** SUPPLIED RECORDS **
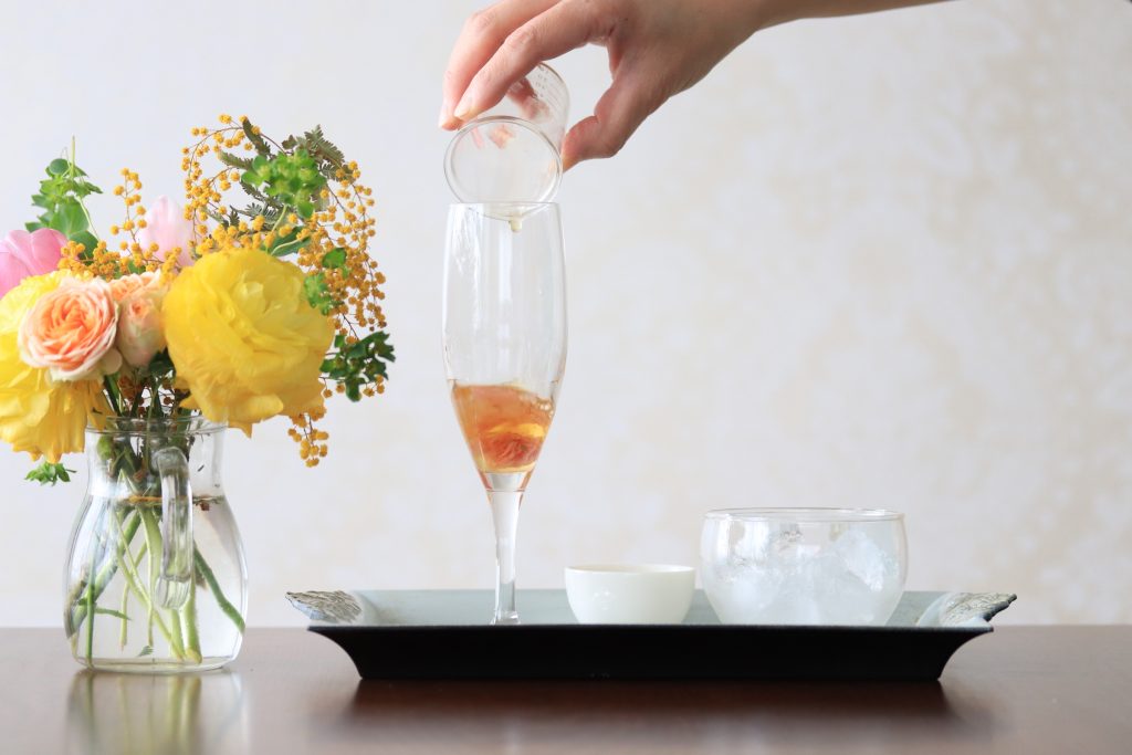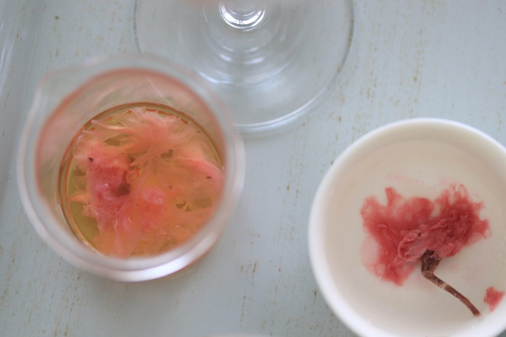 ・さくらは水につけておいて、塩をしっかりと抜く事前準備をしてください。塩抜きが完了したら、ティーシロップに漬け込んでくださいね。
* * *
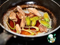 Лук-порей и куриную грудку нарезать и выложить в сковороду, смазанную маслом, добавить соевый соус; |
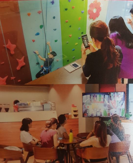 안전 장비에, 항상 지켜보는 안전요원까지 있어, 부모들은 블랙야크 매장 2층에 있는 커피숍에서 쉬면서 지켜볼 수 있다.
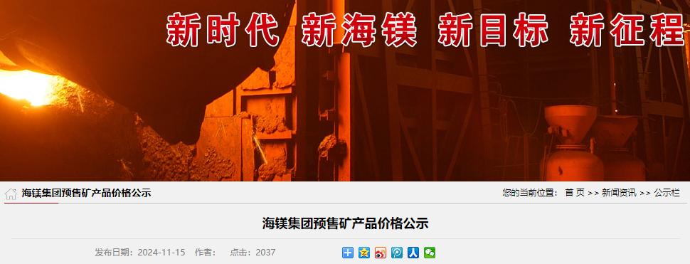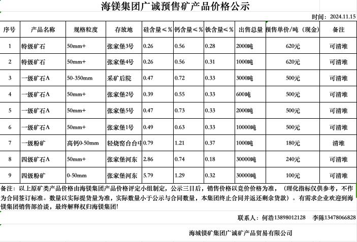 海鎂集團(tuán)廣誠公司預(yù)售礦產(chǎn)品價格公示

** WHAT NEEDS TO BE DONE **
Give back exactly the lines of the listing above from the one that contains "Лук-порей и куриную" up to and including the one that contains "海鎂集團(tuán)廣誠公司預(yù)售礦產(chǎn)品價格公示", but not the pictures, and no other lines.

** WRITTEN ANSWER **
 Лук-порей и куриную грудку нарезать и выложить в сковороду, смазанную маслом, добавить соевый соус; |
 안전 장비에, 항상 지켜보는 안전요원까지 있어, 부모들은 블랙야크 매장 2층에 있는 커피숍에서 쉬면서 지켜볼 수 있다.
 海鎂集團(tuán)廣誠公司預(yù)售礦產(chǎn)品價格公示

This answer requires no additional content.